----- AVAILABLE DATA

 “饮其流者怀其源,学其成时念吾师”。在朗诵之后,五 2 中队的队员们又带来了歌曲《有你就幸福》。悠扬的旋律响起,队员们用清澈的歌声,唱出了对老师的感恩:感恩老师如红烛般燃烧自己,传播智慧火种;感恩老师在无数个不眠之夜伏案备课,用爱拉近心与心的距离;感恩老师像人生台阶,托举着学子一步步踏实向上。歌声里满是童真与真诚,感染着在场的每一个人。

----------
----- AVAILABLE DATA

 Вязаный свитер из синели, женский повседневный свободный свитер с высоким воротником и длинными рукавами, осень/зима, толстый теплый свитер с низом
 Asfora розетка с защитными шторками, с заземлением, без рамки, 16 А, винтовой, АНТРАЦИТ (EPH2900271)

----------

* **WHAT TO DO**
Only the lines above from the line containing "Вязаный свитер из" through the line containing "Asfora розетка с" should be retyped, exactly and with both ends included.

* **WRITTEN RESPONSE**
 Вязаный свитер из синели, женский повседневный свободный свитер с высоким воротником и длинными рукавами, осень/зима, толстый теплый свитер с низом
 Asfora розетка с защитными шторками, с заземлением, без рамки, 16 А, винтовой, АНТРАЦИТ (EPH2900271)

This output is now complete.